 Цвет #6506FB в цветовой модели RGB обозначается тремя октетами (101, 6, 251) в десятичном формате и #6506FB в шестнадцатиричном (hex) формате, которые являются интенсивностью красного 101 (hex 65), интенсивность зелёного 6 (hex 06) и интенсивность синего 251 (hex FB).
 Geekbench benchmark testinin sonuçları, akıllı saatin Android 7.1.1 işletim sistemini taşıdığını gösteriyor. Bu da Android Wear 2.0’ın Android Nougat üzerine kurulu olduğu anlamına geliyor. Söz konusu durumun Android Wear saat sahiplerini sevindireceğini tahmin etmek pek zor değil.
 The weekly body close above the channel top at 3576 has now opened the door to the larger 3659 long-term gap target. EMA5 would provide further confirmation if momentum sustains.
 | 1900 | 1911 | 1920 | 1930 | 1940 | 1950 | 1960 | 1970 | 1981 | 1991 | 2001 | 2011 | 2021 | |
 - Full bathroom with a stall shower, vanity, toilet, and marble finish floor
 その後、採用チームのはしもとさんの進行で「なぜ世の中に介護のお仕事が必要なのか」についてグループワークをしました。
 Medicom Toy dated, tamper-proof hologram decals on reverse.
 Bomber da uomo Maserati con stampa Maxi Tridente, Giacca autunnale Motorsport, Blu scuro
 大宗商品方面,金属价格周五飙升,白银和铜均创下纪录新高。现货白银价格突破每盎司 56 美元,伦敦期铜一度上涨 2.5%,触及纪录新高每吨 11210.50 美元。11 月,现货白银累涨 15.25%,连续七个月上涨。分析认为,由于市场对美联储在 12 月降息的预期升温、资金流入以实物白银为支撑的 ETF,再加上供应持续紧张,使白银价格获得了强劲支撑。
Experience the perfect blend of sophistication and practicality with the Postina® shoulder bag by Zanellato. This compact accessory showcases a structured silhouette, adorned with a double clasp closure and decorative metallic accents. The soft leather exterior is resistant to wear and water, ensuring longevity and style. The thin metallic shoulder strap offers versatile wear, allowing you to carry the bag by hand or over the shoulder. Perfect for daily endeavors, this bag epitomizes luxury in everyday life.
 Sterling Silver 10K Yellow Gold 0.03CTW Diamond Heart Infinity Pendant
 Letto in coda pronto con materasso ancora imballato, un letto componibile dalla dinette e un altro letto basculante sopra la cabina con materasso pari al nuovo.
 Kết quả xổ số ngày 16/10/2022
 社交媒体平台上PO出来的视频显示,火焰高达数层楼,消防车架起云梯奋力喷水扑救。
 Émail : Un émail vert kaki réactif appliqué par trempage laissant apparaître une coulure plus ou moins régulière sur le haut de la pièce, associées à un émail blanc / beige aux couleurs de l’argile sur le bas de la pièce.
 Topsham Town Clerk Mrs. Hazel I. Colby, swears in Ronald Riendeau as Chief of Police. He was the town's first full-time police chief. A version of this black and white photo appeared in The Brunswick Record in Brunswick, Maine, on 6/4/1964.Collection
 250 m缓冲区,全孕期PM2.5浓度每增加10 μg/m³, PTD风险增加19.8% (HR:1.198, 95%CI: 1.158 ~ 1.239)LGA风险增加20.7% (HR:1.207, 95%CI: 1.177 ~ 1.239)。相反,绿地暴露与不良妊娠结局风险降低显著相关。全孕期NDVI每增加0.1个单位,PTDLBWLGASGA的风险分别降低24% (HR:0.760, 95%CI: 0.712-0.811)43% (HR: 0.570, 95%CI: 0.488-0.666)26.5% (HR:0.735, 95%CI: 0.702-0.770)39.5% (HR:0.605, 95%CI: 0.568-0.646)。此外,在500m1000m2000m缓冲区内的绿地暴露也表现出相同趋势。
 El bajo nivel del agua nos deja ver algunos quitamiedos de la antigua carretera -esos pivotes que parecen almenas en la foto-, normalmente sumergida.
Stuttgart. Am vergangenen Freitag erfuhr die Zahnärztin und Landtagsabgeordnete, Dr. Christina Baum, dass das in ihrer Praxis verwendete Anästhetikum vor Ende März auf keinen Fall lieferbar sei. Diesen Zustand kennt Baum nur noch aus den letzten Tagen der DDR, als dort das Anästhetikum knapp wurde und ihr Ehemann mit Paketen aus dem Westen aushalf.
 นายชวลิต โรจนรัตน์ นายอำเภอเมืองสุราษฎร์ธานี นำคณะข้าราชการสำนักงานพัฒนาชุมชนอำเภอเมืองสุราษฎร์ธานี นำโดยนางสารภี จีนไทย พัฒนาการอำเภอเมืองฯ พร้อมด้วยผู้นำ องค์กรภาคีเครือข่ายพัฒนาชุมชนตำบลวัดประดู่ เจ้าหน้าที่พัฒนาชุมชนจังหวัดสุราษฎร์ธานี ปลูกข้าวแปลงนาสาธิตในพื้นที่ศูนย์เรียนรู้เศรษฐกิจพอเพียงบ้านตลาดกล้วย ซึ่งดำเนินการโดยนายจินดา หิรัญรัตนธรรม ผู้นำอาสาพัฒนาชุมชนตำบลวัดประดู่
================
TASK TO COMPLETE: An exact, complete copy of the lines above from the one with "Bomber da uomo" through the one with "大宗商品方面,金属价格周五飙升,白银和铜均创下纪录新高。现货白银价格突破每盎司 56 美元,伦敦期铜一度上涨" is the whole answer.

ANSWER SPACE:
 Bomber da uomo Maserati con stampa Maxi Tridente, Giacca autunnale Motorsport, Blu scuro
 大宗商品方面,金属价格周五飙升,白银和铜均创下纪录新高。现货白银价格突破每盎司 56 美元,伦敦期铜一度上涨 2.5%,触及纪录新高每吨 11210.50 美元。11 月,现货白银累涨 15.25%,连续七个月上涨。分析认为,由于市场对美联储在 12 月降息的预期升温、资金流入以实物白银为支撑的 ETF,再加上供应持续紧张,使白银价格获得了强劲支撑。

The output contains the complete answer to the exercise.